IF someone decides to take them, I wont have to pay $400 to move to Atlanta. I can take a bus ($80), so I can pay for her spay before she goes. *

*Jack*

Jack is a Mini Rex between 4-5 years old, and he's a sweet heart. He's been through more then 7 families, has two half inch tears in both of his ears, frayed whiskers, and looks out at the world through forlorn eyes. Mellow dramatic, but true. He loves to sit and stare. His nails are over grown, but we're working on it. He's very tolerant of me cradling him and clipping them. He's a very neat and tidy rabbit, and likes to rearrange things. Despite him being a middle aged man-rabbit, he's very active and curious out side of the cage. He is a DIGGER, have a dig box ready. 

He is neutered. 

*What they come with...*

- A four level wire cage
- Two yards of clear vinyl (for under the pen)
- 70 NIC panels & their connectors
- 100 Zip ties
- Two ceramic bowls
- 1 plastic water bottle
- Two litter boxes 
- A giant fur bed
- 20lbs of pellet
- A huge tub of Timothy Hay (10-15lbs)
- A huge tub of wood stove pellet
- Litter scoop (it's obnoxiously adorable)
- Small broom & dust pan
- Litter box scrubber
- Spray bottle (for vinegar solution)
- Fleece blanket (Lily hasn't eaten this one yet)
- Toys, toys like you wouldn't believe. 

*I live in Des Moines, Iowa. 

You WILL be required to keep in contact with their old family.*

I will post pictures and videos later tonight.

Thank you, and if you need anymore information let me know.


----------



## TinysMom (Apr 22, 2011)

I know this has been a hard decision for you - good luck with finding them a home!


----------



## Ponyta (Apr 22, 2011)

TinysMom wrote:


> I know this has been a hard decision for you - good luck with finding them a home!

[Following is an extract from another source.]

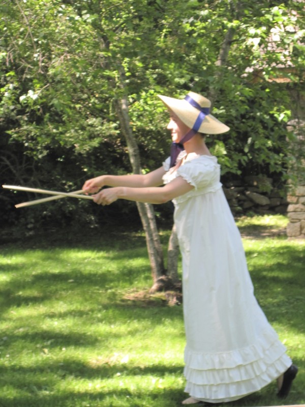 As you might recall from my last post, I have more Regency picnic game pictures to share with you! I’m excited! I hope you are as well… We left off with the four of us playing “Graces” and coming up with innovative methods of playing to keep us amused and challenged… let’s just see where that led us! I had a hard time condensing the photos… I hope you’re not overwhelmed!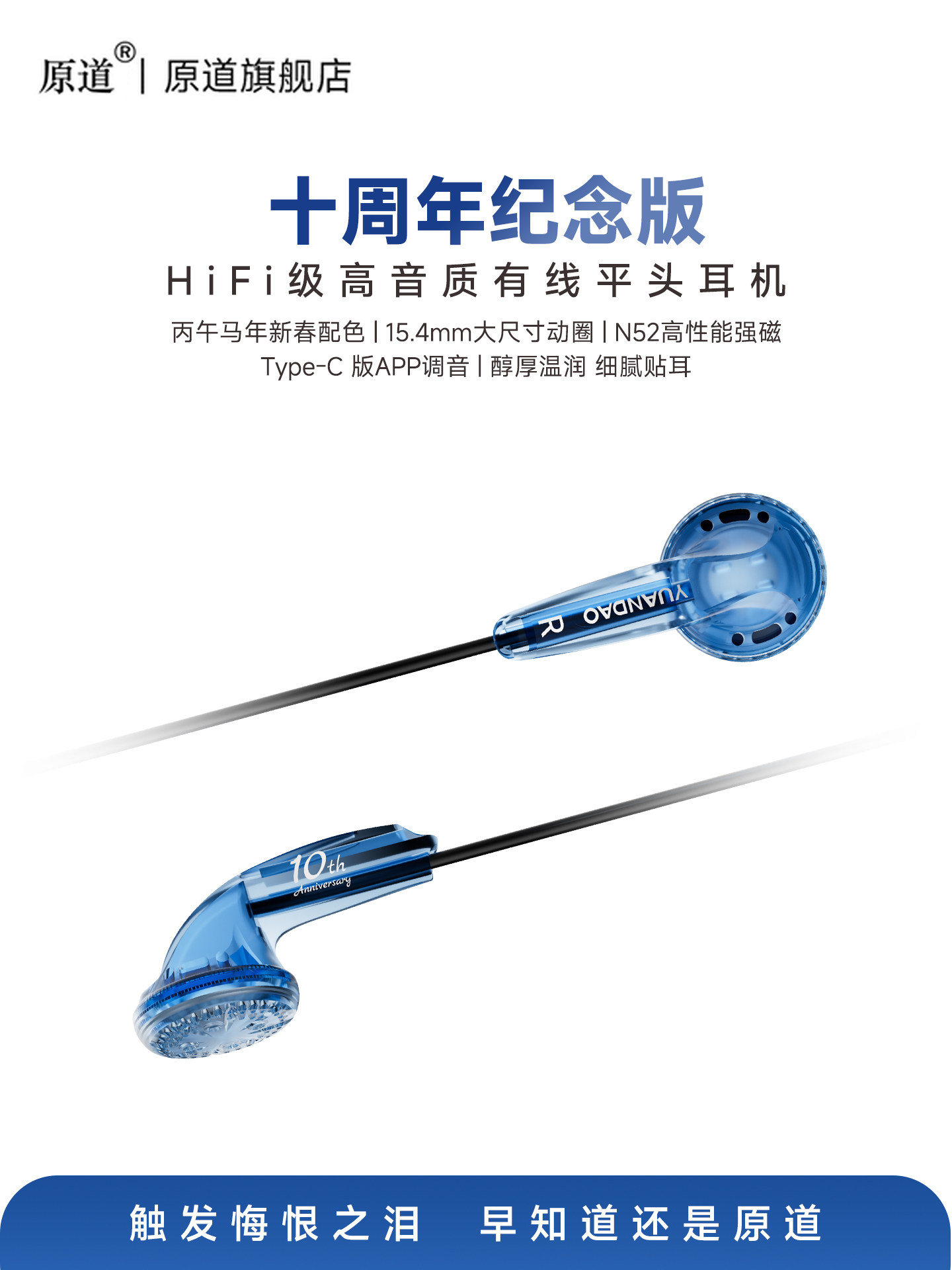 原道十周年纪念版平头塞HiFi高音质电脑游戏音乐有线控带麦耳机

It is, and I feel like a huge failure. I have no family, and I would have liked to take them with me to lessen the loneliness.

But it is what it is.

Thank you, I appreciate all the support and advice you've given me.


----------



## Ponyta (Apr 27, 2011)

Anyone?

I'm going to wait another week and then take them to the rescue league. I trust they will be able to find a home for them better then I will.


----------